HONG KONG: The private banking business of HSBC Holdings is aggressively pursuing double-digit growth in client assets and revenue, riffing off a surge in Asian wealth, the unit’s chief executive told Reuters.
Antonio Simoes also said that the London-headquartered bank aims to increase its onshore presence in China, home to an eighth of all billionaires’ wealth worldwide and where it is one of the few global banks to operate a private banking business.
“The strategy to achieve double-digit asset and revenue growth is working,” said Simoes, who assumed his role in January. “And as part of that, Asia is by far the region that is growing the most.”

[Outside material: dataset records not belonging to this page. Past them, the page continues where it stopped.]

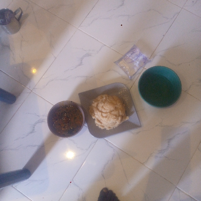 The image displays an indoor scene on a light-colored, white and grey marble-patterned tiled floor in Awo Ekiti, Nigeria. A meal is set out, featuring a brown, rounded bowl on the left containing a dark, reddish-brown stew or soup with visible green and red components. Adjacent to it on the right, a light grey, rectangular plate with rounded corners holds a large, textured mound of a light beige, solid food, consistent with a 'swallow' dish. An empty, dark teal-colored plastic bowl is positioned to the right of the plate. Above this empty bowl, a clear plastic sachet, likely containing water, rests on the floor. In the upper left quadrant, a silver-colored metal mug with a handle is visible. A dark, partially obscured object, possibly a furniture leg, is present on the far left edge. A bare, dark-skinned human foot is partially visible in the bottom right corner of the frame, indicating the presence of an individual. Multiple bright reflections from an unseen light source are visible on the tiled surface.
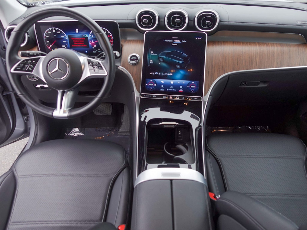 11.9" Center Touchscreen Display, 16-Way Power Front Seats w/Memory/Lumbar/Thigh Ext, 18" 10-Spoke Wheels, 3 USB C-Ports, 4-Way Power Lumbar Support, 4-Wheel Disc Brakes, 8 Speakers, ABS brakes, Air Conditioning, Alloy wheels, AM/FM radio, Apple CarPlay®/Android Auto®, Auto High-beam Headlights, Auto tilt-away steering wheel, Auto-dimming Rear-View mirror, Automatic temperature control, Brake assist, Bumpers: body-color, Child-Seat-Sensing Airbag, Compass, Delay-off headlights, Driver door bin, Driver vanity mirror, Dual front impact airbags, Dual front side impact airbags, Electronic Stability Control, Emergency communication system: eCall Emergency System, Exterior Parking Camera Rear, Four wheel independent suspension, Front anti-roll bar, Front Bucket Seats, Front Center Armrest, Front dual zone A/C, Front reading lights, Fully automatic headlights, Garage door transmitter: HomeLink, Genuine wood dashboard insert, HD Radio, Head restraints memory, Heated door mirrors, Heated Front Bucket Seats, Heated front seats, Illuminated entry, Inductive Wireless Charging, Knee airbag, Leather steering wheel, Low tire pressure warning, MB-Tex Upholstery, MBUX Intelligent Vehicle Assistant (Hey Mercedes), Memory seat, Occupant sensing airbag, Outside temperature display, Overhead airbag, Overhead console, Panic alarm, Passenger door bin, Passenger vanity mirror, Power adjustable front head restraints, Power door mirrors, Power driver seat, Power Liftgate, Power passenger seat, Power steering, Power windows, Radio data system, Rain sensing wipers, Rear anti-roll bar, Rear fog lights, Rear reading lights, Rear seat center armrest, Rear window defroster, Rear window wiper, Remote keyless entry, Security system, Speed control, Speed-sensing steering, Split folding rear seat, Spoiler, Steering wheel memory, Steering wheel mounted audio controls, Tachometer, TBD Axle Ratio, Telescoping steering wheel, Tilt steering wheel, Traction control, Trip computer, Turn signal indicator mirrors, Variably intermittent wipers, Wireless Android Auto®, Wireless Apple CarPlay®.
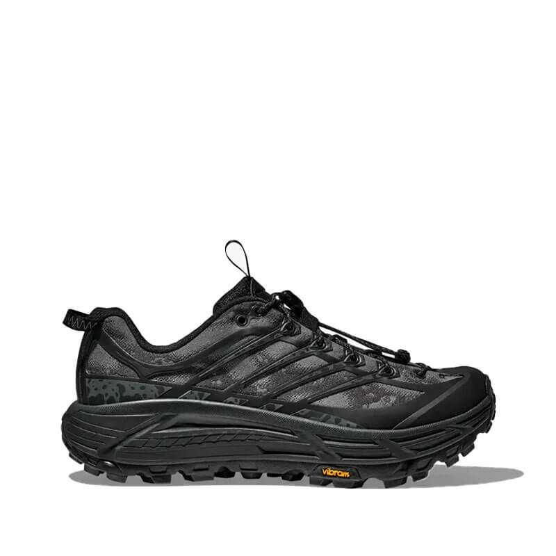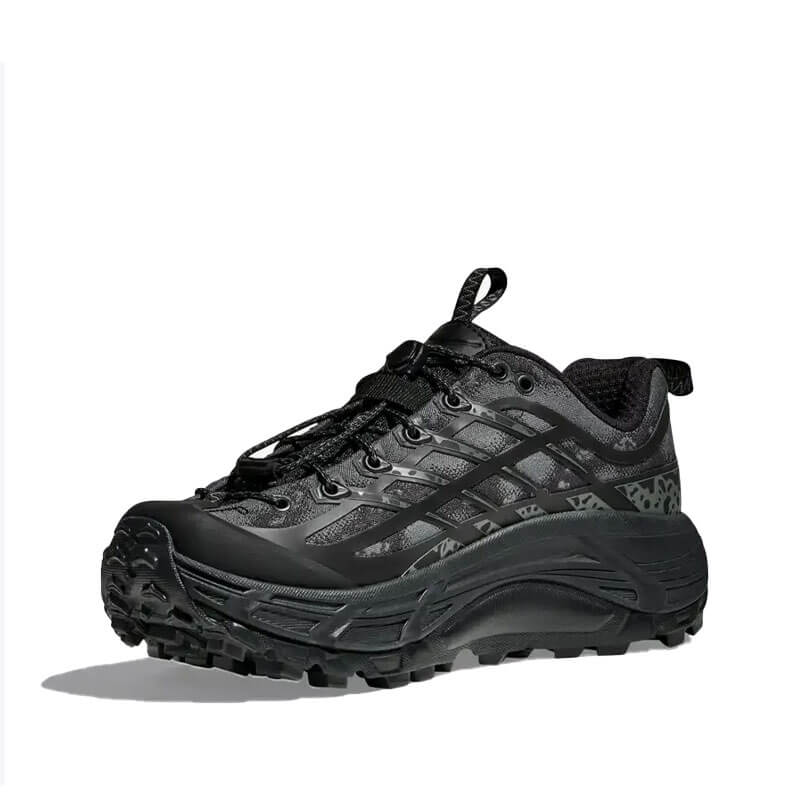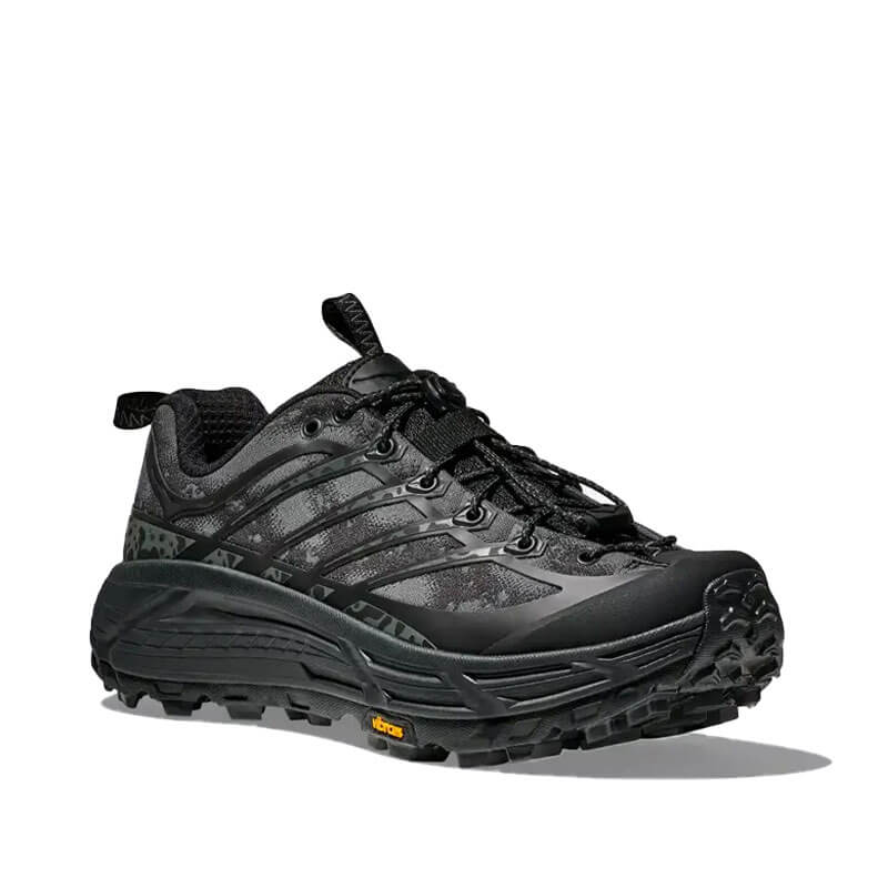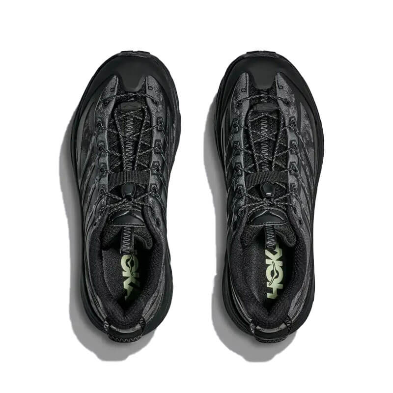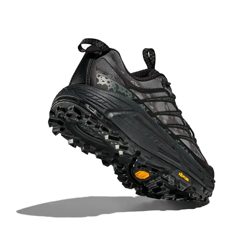 Delivered for the last Spring25 collection, this HOKA Stealth/Tech Mafate Three2 – Black / Carbon Black features:

With higher economic growth, rapidly rising wages and a thriving entrepreneurial ecosystem producing rich clients at a pace faster than the West, Asia has emerged as the main battleground for global wealth managers.
Assets managed by HSBC’s private banking unit rose 9.4 percent in the first nine months of 2019 to $338 billion, while revenue rose 4.6 percent versus the same period a year earlier to $1.4 billion. The unit is the smallest contributor to group revenue at 3 percent.
Asia accounts for 42 percent of HSBC’s total private banking assets, making it the single largest market. The region also accounts for the biggest share of the bank’s overall revenue.
But six months of often violent pro-democracy protests that have convulsed Hong Kong — one of Asia’s two main wealth management hubs along with Singapore — have triggered concern about rich clients looking for alternative centers.
Simoes, however, said his business in the Chinese territory had not been impacted. “Our third-quarter results showed very resilient performance for Hong Kong against the backdrop of what’s happening,” he said. “From a private banking perspective, we continue to have targets for Hong Kong that are very ambitious.”
Simoes said the private banking business was sticking to its target announced last year of adding 700 people to its Asia unit by 2022 from a headcount of 1,100 at the end of 2017. Three hundred bankers have already been hired so far, he said.
HSBC’s private banking growth plans come as interim CEO Noel Quinn reviews the lender’s worldwide businesses as part of an audition for the full-time role under Chairman Mark Tucker.
Global wealth managers looking to grow in China — where HSBC’s unit is present onshore in Shanghai, Beijing and Guangzhou — continue to consider an offshore business as the preferred route due to regulatory restrictions on investment products and a lack of sizeable physical branch networks.
“Going forward, we want to be bigger in onshore China and we are looking at how to do that as regulations change,” Simoes said. “If you take a 10-year view, we will need to be bigger in onshore China.”